PROBLEM STATEMENT - Beginning with the line that contains "Rosettes of long" and ending with the line that contains "Pantalón Largo/ Camisa", reproduce the lines of the entries below exactly, omitting pictures.

EXTRACTED DATA -
····················

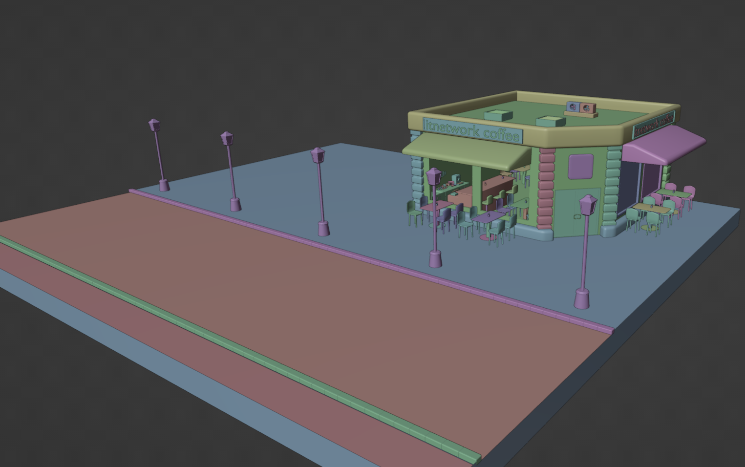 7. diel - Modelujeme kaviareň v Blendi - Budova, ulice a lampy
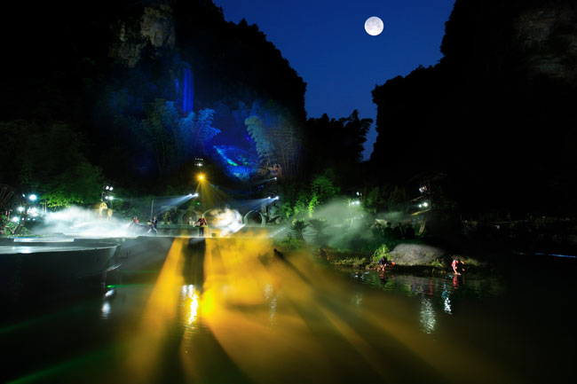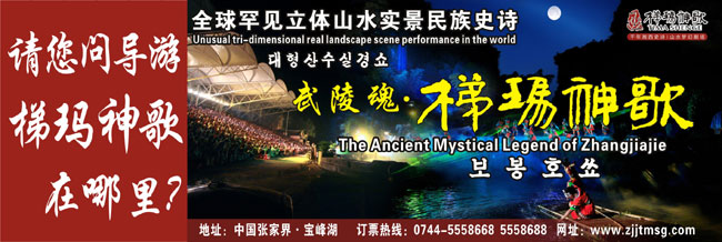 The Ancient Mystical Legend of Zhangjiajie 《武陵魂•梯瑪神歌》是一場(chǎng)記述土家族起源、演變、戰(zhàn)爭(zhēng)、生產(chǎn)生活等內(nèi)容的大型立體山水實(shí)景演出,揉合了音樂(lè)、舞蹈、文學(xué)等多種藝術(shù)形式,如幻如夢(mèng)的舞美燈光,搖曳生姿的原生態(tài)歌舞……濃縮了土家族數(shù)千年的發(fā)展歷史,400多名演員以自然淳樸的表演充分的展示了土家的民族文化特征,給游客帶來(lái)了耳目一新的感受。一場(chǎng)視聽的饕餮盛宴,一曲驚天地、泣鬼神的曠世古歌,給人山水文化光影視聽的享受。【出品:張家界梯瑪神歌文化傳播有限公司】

····················

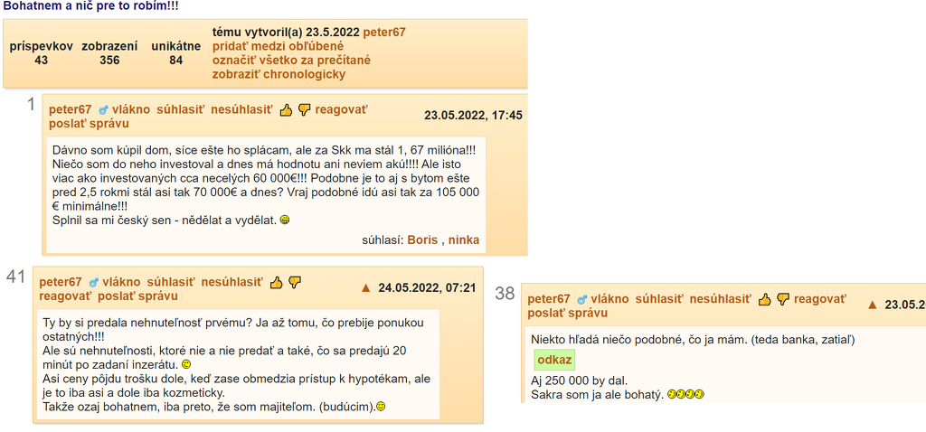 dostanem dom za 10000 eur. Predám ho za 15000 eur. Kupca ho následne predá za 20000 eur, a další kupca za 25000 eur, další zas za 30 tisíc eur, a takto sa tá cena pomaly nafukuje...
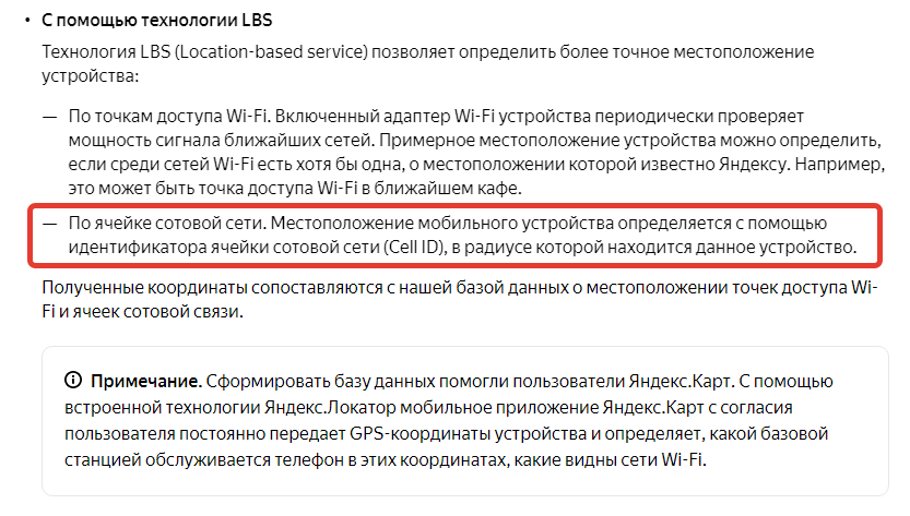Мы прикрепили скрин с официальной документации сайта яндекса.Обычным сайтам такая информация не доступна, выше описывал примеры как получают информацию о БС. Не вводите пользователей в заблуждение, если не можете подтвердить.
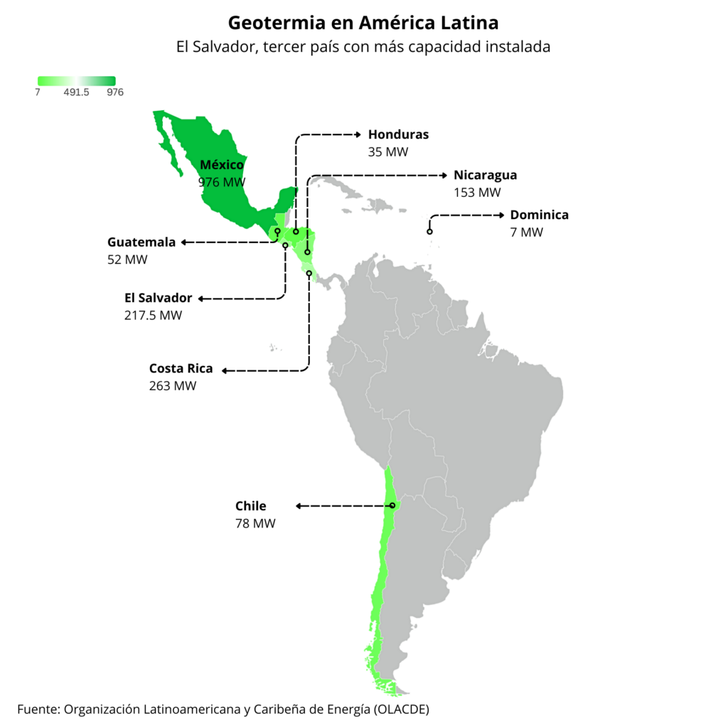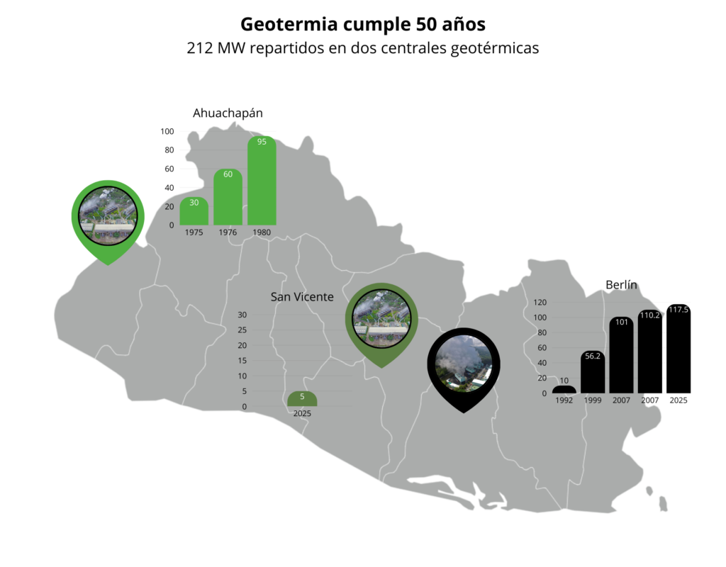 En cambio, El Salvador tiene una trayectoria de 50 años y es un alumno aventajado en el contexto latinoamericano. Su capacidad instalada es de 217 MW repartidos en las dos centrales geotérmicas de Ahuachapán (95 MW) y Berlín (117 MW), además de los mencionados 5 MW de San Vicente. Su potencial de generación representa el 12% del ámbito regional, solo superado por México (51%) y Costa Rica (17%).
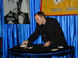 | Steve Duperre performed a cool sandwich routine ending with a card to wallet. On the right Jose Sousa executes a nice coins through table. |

····················

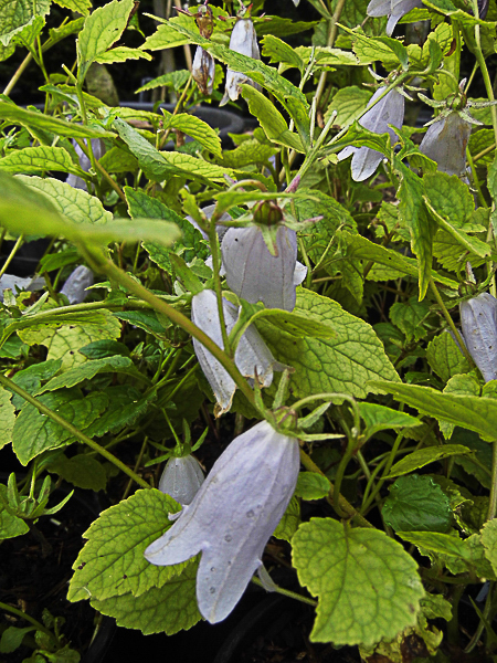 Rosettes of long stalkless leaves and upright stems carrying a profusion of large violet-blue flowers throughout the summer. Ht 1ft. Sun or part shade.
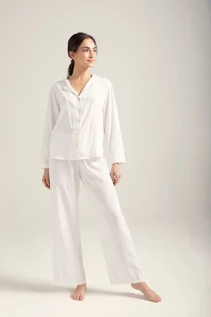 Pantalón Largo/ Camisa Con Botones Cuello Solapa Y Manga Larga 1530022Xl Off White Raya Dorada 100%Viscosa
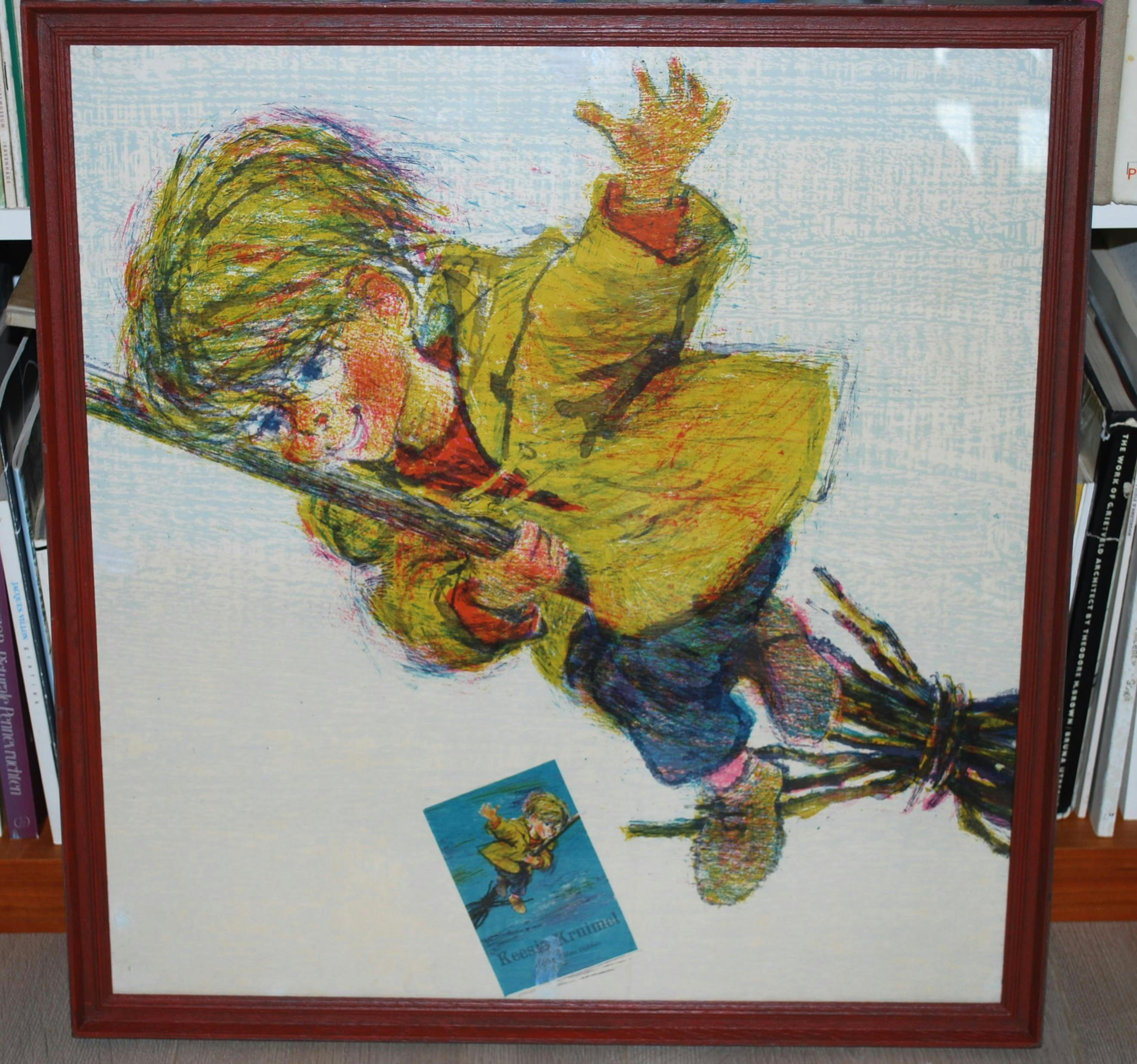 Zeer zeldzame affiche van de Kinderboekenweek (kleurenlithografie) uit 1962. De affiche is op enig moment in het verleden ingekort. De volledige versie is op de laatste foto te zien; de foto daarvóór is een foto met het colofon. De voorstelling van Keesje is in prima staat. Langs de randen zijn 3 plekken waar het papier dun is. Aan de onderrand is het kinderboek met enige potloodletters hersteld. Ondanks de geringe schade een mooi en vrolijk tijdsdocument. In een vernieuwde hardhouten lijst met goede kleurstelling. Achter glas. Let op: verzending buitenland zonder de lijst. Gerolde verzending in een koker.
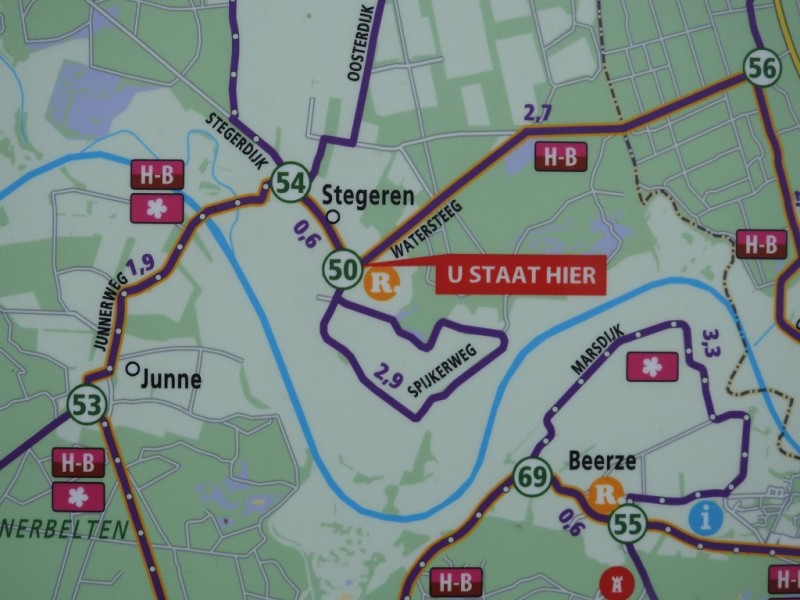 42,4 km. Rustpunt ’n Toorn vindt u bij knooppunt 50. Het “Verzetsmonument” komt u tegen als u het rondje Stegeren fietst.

····················

SOLUTION FOR THIS TASK -
 Rosettes of long stalkless leaves and upright stems carrying a profusion of large violet-blue flowers throughout the summer. Ht 1ft. Sun or part shade.
 Pantalón Largo/ Camisa Con Botones Cuello Solapa Y Manga Larga 1530022Xl Off White Raya Dorada 100%Viscosa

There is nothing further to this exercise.